I totally understand your wife. I have a 2 month old and sometimes I ask my husband to hold him or sit near him so I can have some me time for 10 or 15 minutes. I am with him 24 hours a day everyday. Don't get me wrong, I love being with him, but after a few hours of fussing and not understanding exactly what he needs, I just need a minute to clear my mind and be me. I'm sure a baby on the move is just if not more exhausting.

I don't think you did anything wrong. Do like my dad and give your wife a kiss and say, "Ok, love you honey."


----------



## Anonymous07 (Aug 4, 2012)

Lyris said:


> My husband is the hoverer in this house. I'm always saying, she's fine, she can do it.


Same here. 

My husband is always hovering, telling him no, keeping very close to our son. I let our son wander and explore, which sometimes leads to some falls, but he is fine. He's learning and growing. 

But I always feel like I have to do 2 things at once.

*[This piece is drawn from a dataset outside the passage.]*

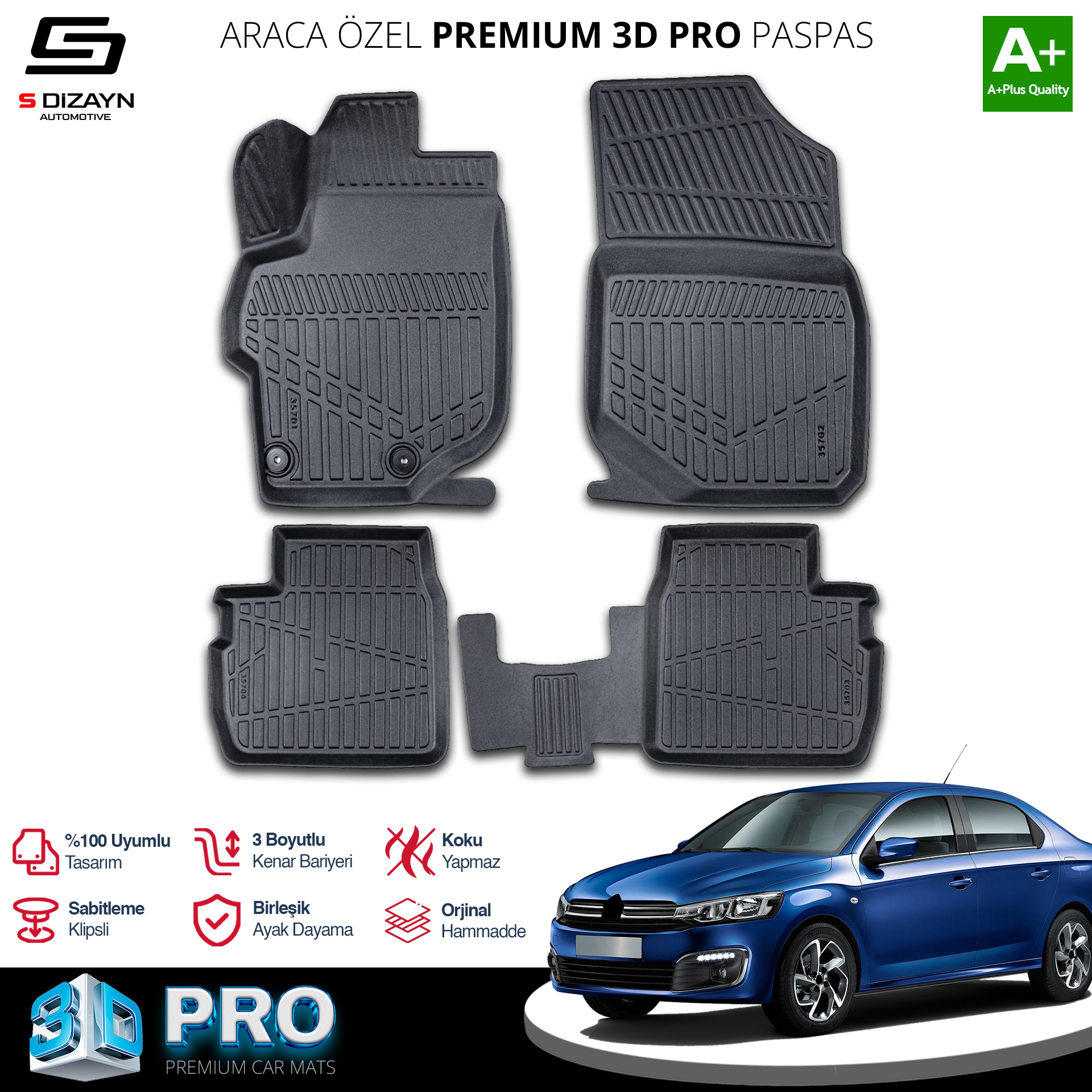 S-Dizayn Citroen C-Elysee 3D Pro Havuzlu Paspas 2012-2017 A+ Kalite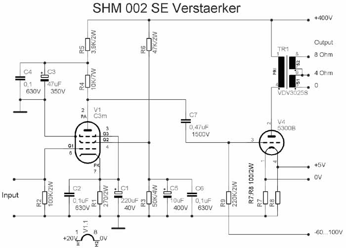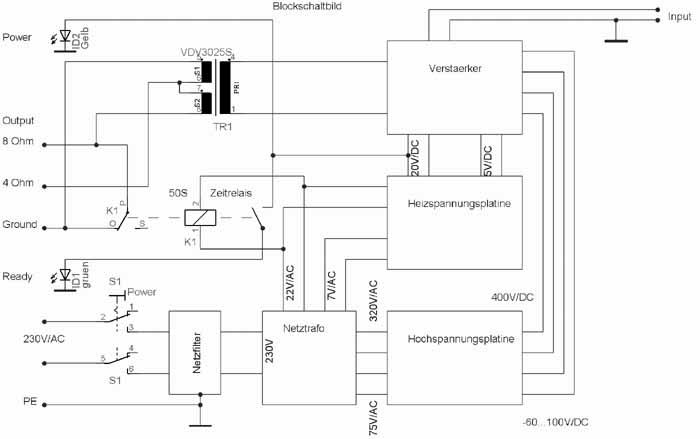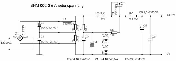 Anodenspannung ist auf 400 Volt festgelegt und ebenfalls geregelt und stabilisiert.

I'm cooking and watching him out of the corner of my eye(make sure he doesn't get into trouble). Constant double duty, which is tiring. It's nice when my husband takes him out of the room, so I can focus on just one thing.


----------



## michzz (Jun 6, 2008)

OK, I can buy it that she wanted isolation from the kid, but she didn't state it directly. Instead, she chose to be snippy with her husband, the OP.

I also don't think that the OP's wife spends all her time constantly glued to only what the kid is doing.

So he looked at a website?

That all said, the OP should check on what exactly she is asking since she is vague. Is it possible to contain the young kid in a room somewhere while she gets a break?


----------



## BostonBruins32 (Nov 2, 2013)

I'll go the other way with this.

I think sometimes a SAHM forgets that a husband may have worked all day too. Imagine if he came home after working all day and immediately said get out of my hair so i can take a shower or vacuum the floor. I wonder how that would fly?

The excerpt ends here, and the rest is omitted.